Mandelbrot Set on FPGA

Mandelbrot set is a set of points in the complex plane that forms a fractal. It's popular outside of mathematics because of its aesthetic appeal. It's also a typical parallel computing application implemented on a variety of platforms. My professor suggested me to try it on soft multiprocessor on FPGA.

The reference code for algorithm is from sf.net. The most impressive design is QuickMAN by Paul Gentieu with core algorithm implemented in assembly code. It's incredibly fast. The disadvantage is that it works on Windows only and doesn't support multicore yet.

The reference code for FPGA is from Xilinx. First it's implemented on one-PowerPC architecture on FPGA. However, it's very slow because there is no FPU. Next, I added a Microblaze processor with FPU. It gets much faster. In the third step, I added four Microblaze processors as following shows.


There is still some area on the chip and I can add more processors to accelerate. I updated BlazeCluster to add PowerPC support and I can use it to add processors easily. All source code and additional document are available at http://quickwayne.googlepages.com/

This implementation, however, is still much slower than QuickMAN running on a normal PC. The major reason is probably: 1) low CPU speed. Currently all microblaze runs at 100Mhz; 2) Inefficient floating point libarary. I use the floating library from Xilinx. It's efficient in area but probably not best in performance; 3) slow external memory access. The reason I can't make it more detail is that I can't make profiling on PowerPC work. I did what's in the manual and got a 250MB profiling file which is wrong. Even it works, it's still difficult to look into it because software-intrusive profiling is not accurate enough. It's better to have some on-chip profiling counters as Pentium or Athlon has.

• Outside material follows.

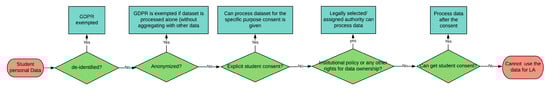 An important application of LA is to count on “new” information discovered as a result of processing student data to perform “relevant interventions” to student learning [1,2,5]. The word cloud of LA literature presented in [43], for example, shows interventions as a prominent keyword. As an essential part of interventions, the individual data subjects (students) need to be explicitly identified, algorithmically or manually, which deteriorates the meaning of anonymization of data [44]. As [8] mentions, de-identification of data is a step forward in the process of anonymization of data and refers to all the identifiable measures of individuals after aggregating data from many sources. This is a way out of GDPR, but it is a challenging and mathematically expensive process. The same article further questions how useful the de-identified data is, meaning that a well de-identified dataset might not be usable for enhancement of personalized learning, and hence, anonymized data does not showcase the full power of LA. Therefore, in occasions of collecting personal data for LA purposes, the explicit consent of the data subject is sought.

Below is some tricks of the code.

1) Source code on all microblaze processors are identical. The only difference is actually compile options. There is a macro for software to know on which processor it's running. The only difference in binary code is communication dual port memory base address. In other words, the macro decides the address during compiling.

2) I use single-precision floating point because the FPU on microblaze doesn't support double-precision. Meanwhile, in case of double precision, it doesn't use FPU at all. It just emulate it.